Madeleine is haunted by recurring images and dreams
involving death and darkness. As she hugs a craggy, wizened tree
by the seaside, she likens her life to a walk down a long corridor
into darkness. In her hallucinatory description, she includes all
of the spots along her daily wanderings around San Francisco. The
one time she came to the corridor's end was by the bay. After Scottie's
prodding, she also remembers the hotel room, and a freshly dug grave
waiting for her:
Madeleine: It's as though I-I were walking down
a long corridor that once was mirrored. And fragments of that
mirror still hang there. And when I come to the end of the
corridor, there's nothing but darkness. And I know that when
I walk into the darkness, that I'll die. I've never come to
the end. I've always come back before then, except once.
Scottie: Yesterday? (She nods agreement.) And you didn't know.

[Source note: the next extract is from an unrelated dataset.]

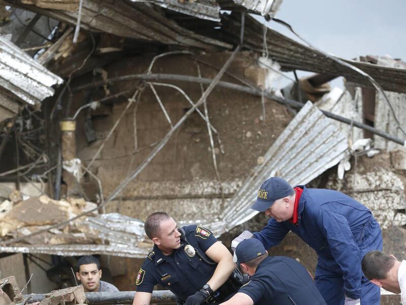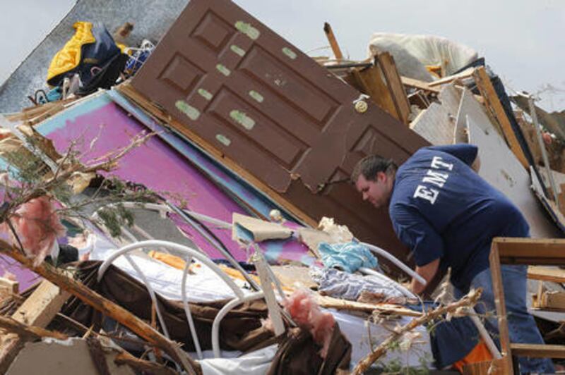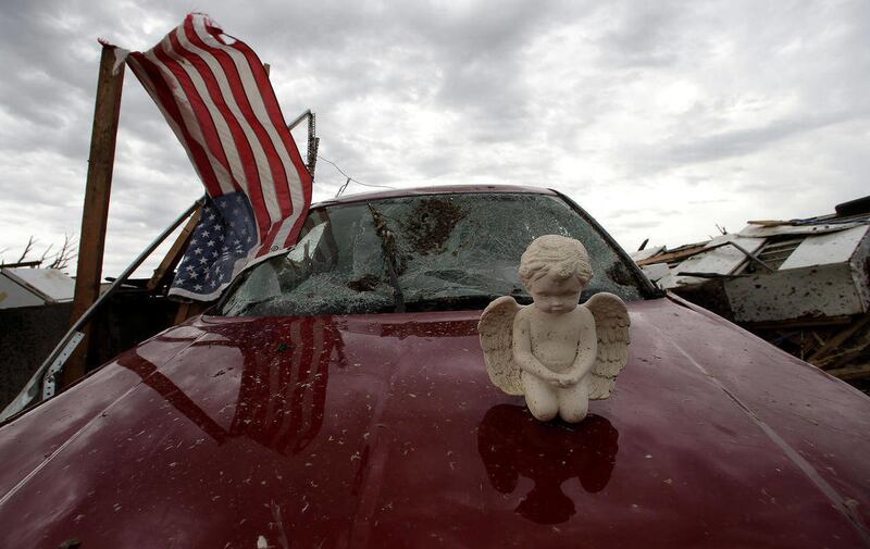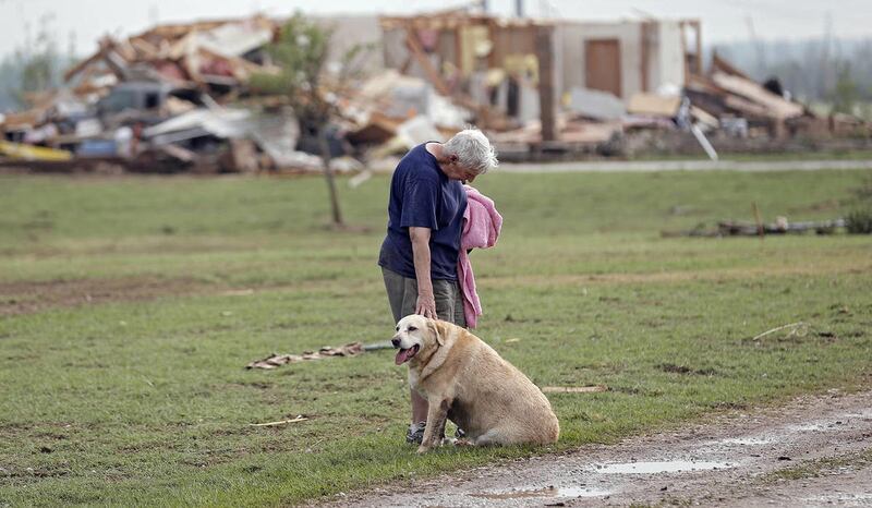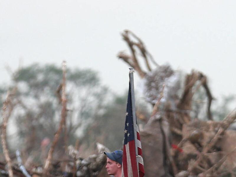 The Garlands dug through the rubble for the safe, which had been ripped from the concrete floor, but was intact. As Rebecca Garland stood in the rain, wearing a pink Oklahoma University T-shirt and Oklahoma City Thunder basketball cap given to her by a stranger, Max emerged from around the pile with a sodden Tin Man doll — part of her once extensive "Wizard of Oz" collection.

You didn't know what happened till you found yourself in the...you
didn't know where you were. But the small scenes, the fragments
of the mirror, do you remember those?
Madeleine: Vaguely.
Scottie: What do you remember?
Madeleine: There's a room and I sit there alone, always alone.
Scottie: What else?
Madeleine: A grave.
Scottie: Where?
Madeleine: I don't know. It's an open grave, and I, I stand by
the gravestone looking down into it. It's my grave.

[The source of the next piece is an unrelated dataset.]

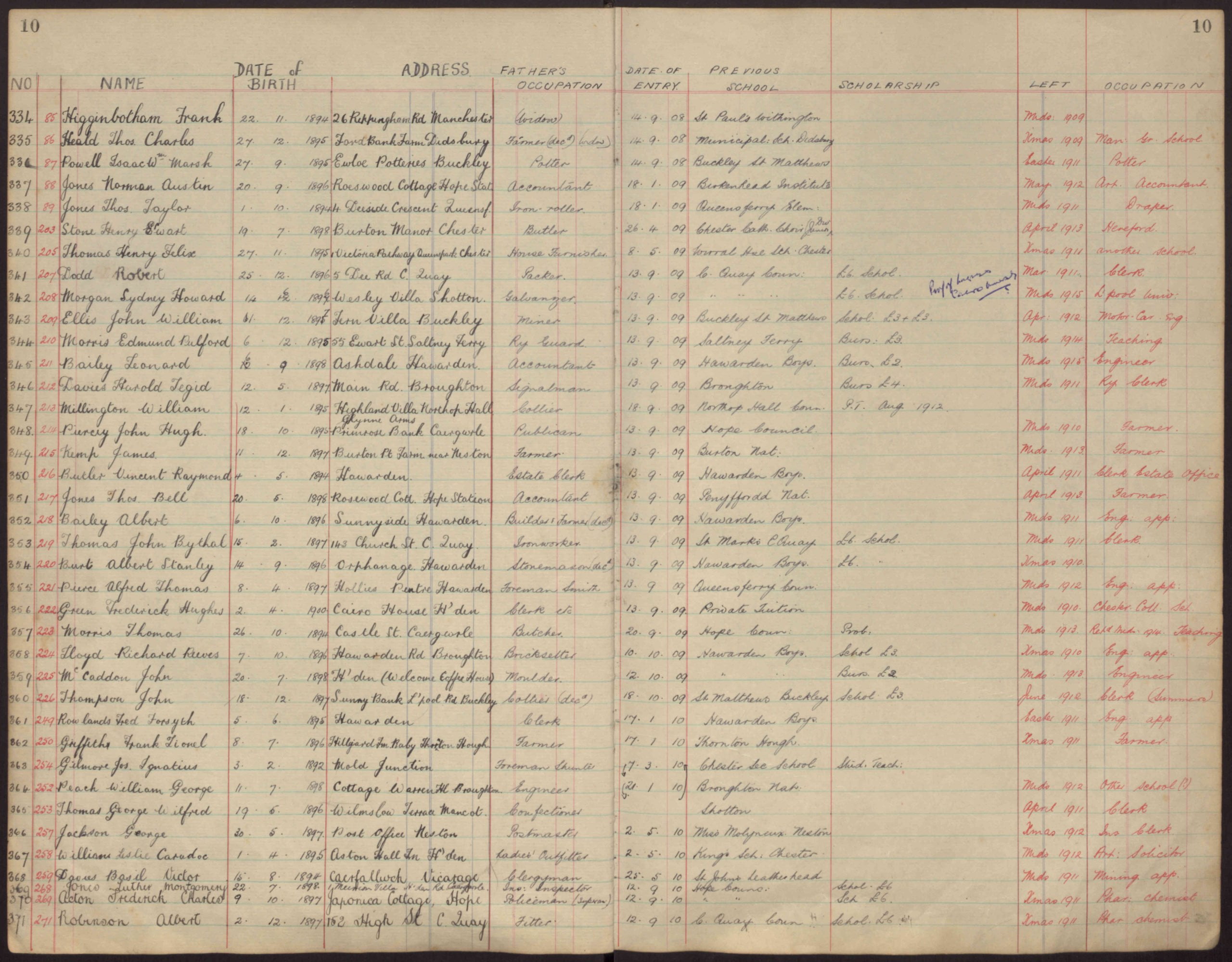 Hawarden Grammar School Admissions Register E/GS/1/10:-

Scottie: But how do you know?
Madeleine: I know.
Scottie: Is there a name on the gravestone?
Madeleine: No. It's new and clean and waiting.
Finally, Madeleine relates another dream that has ambiguous
significance - one of a Spanish tower, bell, and a garden. Scottie
digs further to find the "key" to her mysterious visions,
as she concludes that she may be mad:
Madeleine: There's a tower and a bell and a garden
below. It seems to be in Spain, it's in Spain, but so often
it's gone.
Scottie: A portrait. Do you see a portrait?
Madeleine: No.
Scottie: If I could just find the key, the beginning and put
it together...
Madeleine: ...to explain it away? There is a way to explain it
you see. If I'm mad, that would explain it, wouldn't it?
Suddenly, she appears frightened and runs down the
rocks to the water's edge. He races after her and they embrace -
in a perfect synthesis of both death and erotic romance within their
relationship:
Madeleine: Oh Scottie. I'm not mad. I'm not mad.
I don't want to die. There's someone within me and she says
I must die. Oh Scottie, don't let me go.
Scottie: I'm here. I've got you.
Madeleine: I'm so afraid. (They kiss passionately as the ocean
waves crash on the rocks behind them.) Don't leave me. Stay with
me.
Scottie: All the time.
Vowing to protect her from harm (and thereby possess
and identify with her, even if it means personal annihilation due
to her death wishes), they again cling to each other and kiss passionately
as the turbulent waves once more crash melodramatically into the
rocks behind them. The climactic scene fades to black.